*Exercise inputs*
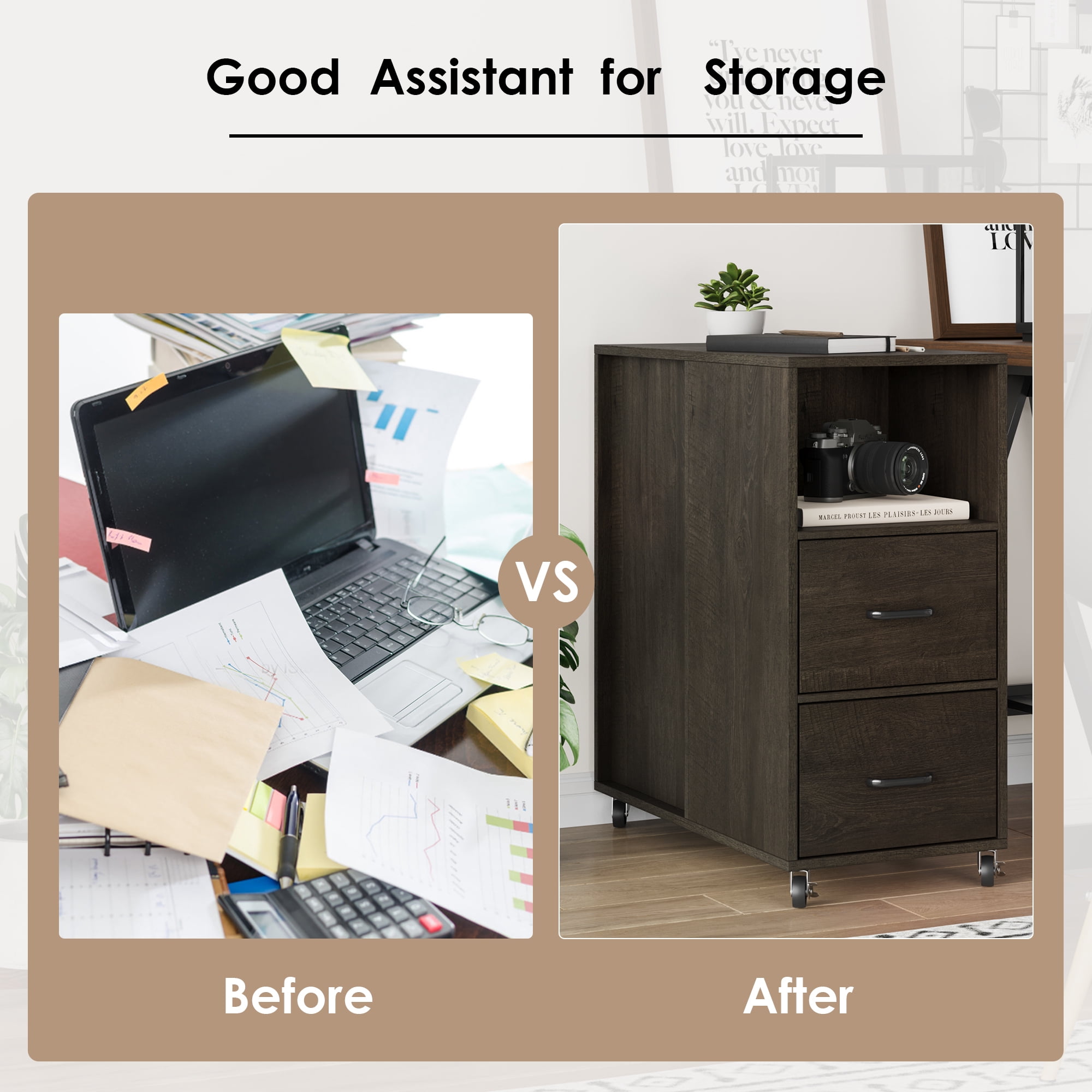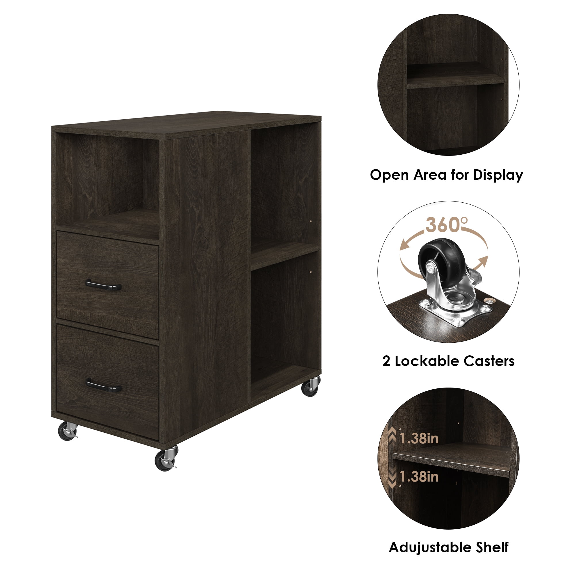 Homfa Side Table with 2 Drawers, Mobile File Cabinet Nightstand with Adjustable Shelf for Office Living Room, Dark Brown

...

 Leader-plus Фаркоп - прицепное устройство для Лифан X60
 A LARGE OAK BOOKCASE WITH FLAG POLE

---

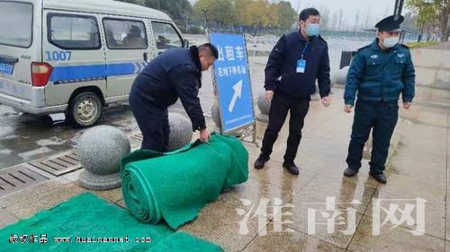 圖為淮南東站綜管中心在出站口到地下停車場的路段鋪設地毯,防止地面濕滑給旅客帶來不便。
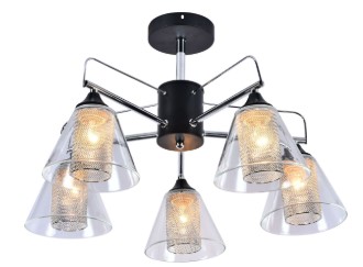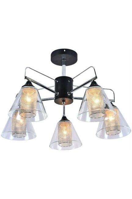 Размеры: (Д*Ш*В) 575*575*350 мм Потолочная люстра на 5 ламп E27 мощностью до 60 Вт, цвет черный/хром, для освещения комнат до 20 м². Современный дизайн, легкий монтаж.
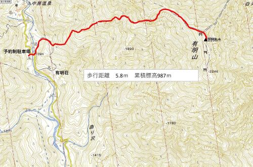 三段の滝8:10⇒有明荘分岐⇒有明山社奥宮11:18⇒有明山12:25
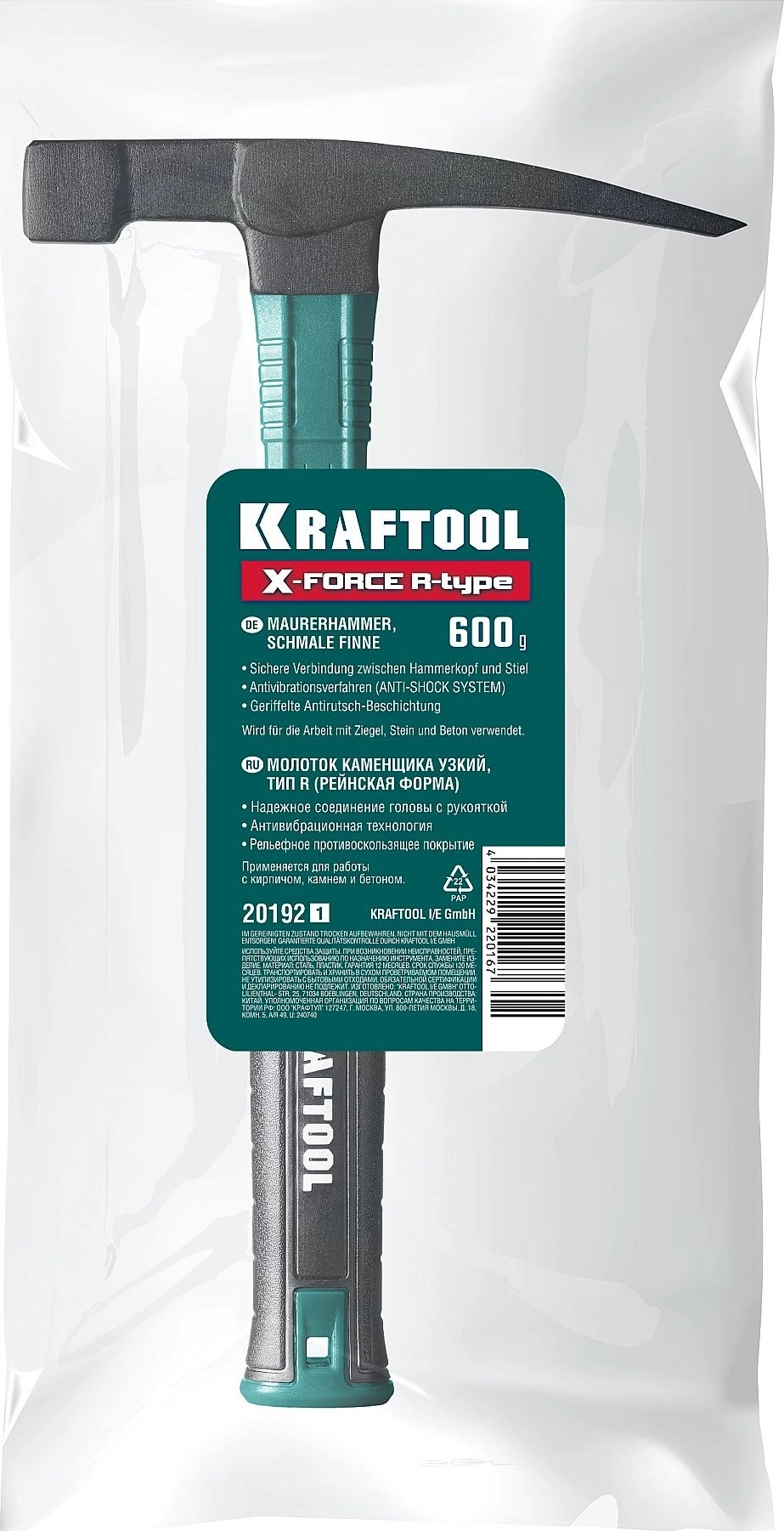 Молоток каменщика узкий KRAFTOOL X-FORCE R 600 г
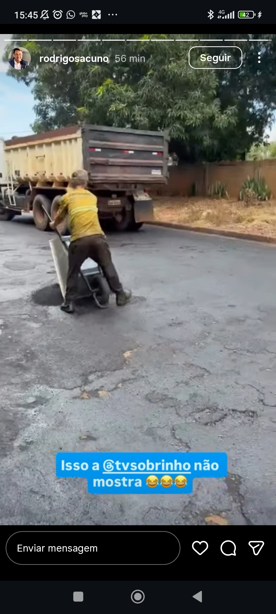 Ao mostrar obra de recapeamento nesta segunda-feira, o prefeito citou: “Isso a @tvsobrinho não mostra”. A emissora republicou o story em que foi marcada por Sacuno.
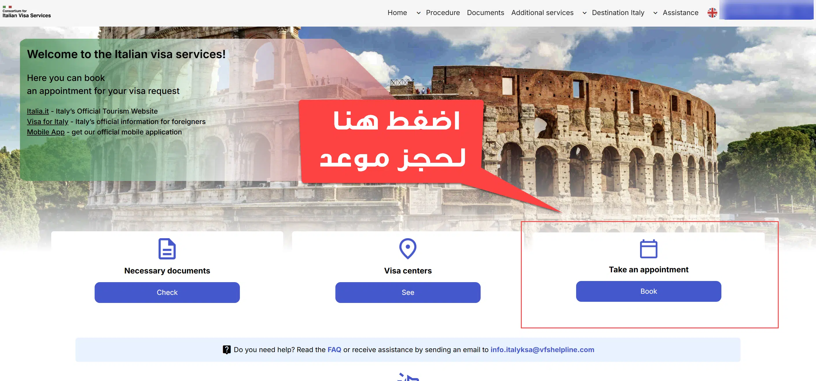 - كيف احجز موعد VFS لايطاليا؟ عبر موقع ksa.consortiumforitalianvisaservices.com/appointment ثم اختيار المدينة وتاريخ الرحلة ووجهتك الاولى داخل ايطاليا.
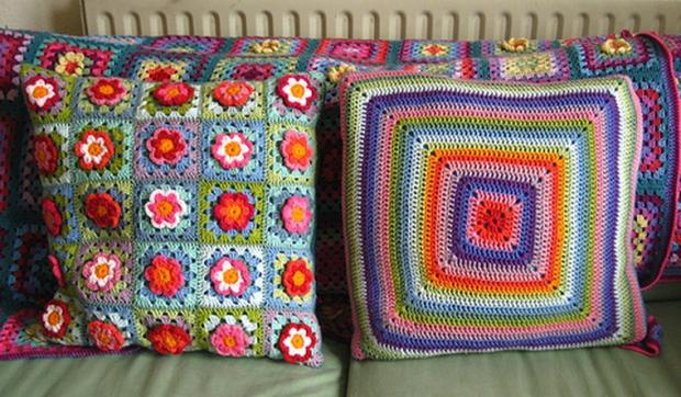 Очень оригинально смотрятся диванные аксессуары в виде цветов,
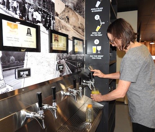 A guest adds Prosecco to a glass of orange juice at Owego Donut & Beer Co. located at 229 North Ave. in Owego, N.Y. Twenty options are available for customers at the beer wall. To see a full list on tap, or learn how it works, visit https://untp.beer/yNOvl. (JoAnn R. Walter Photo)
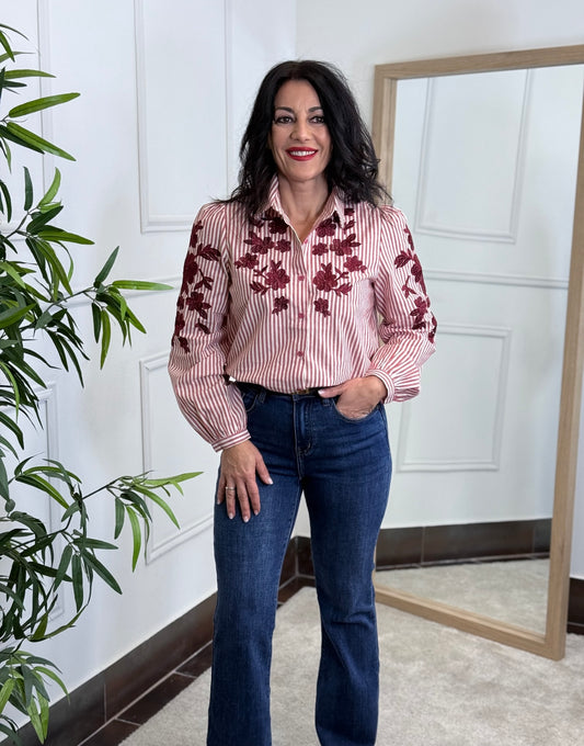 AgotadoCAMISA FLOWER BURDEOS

*What the task asks*
Look through the material above. Transcribe exactly the lines between the ones with "Молоток каменщика узкий" and "AgotadoCAMISA FLOWER BURDEOS", inclusive, and keep pictures out.

*Your response*
 Молоток каменщика узкий KRAFTOOL X-FORCE R 600 г
 Ao mostrar obra de recapeamento nesta segunda-feira, o prefeito citou: “Isso a @tvsobrinho não mostra”. A emissora republicou o story em que foi marcada por Sacuno.
 - كيف احجز موعد VFS لايطاليا؟ عبر موقع ksa.consortiumforitalianvisaservices.com/appointment ثم اختيار المدينة وتاريخ الرحلة ووجهتك الاولى داخل ايطاليا.
 Очень оригинально смотрятся диванные аксессуары в виде цветов,
 A guest adds Prosecco to a glass of orange juice at Owego Donut & Beer Co. located at 229 North Ave. in Owego, N.Y. Twenty options are available for customers at the beer wall. To see a full list on tap, or learn how it works, visit https://untp.beer/yNOvl. (JoAnn R. Walter Photo)
 AgotadoCAMISA FLOWER BURDEOS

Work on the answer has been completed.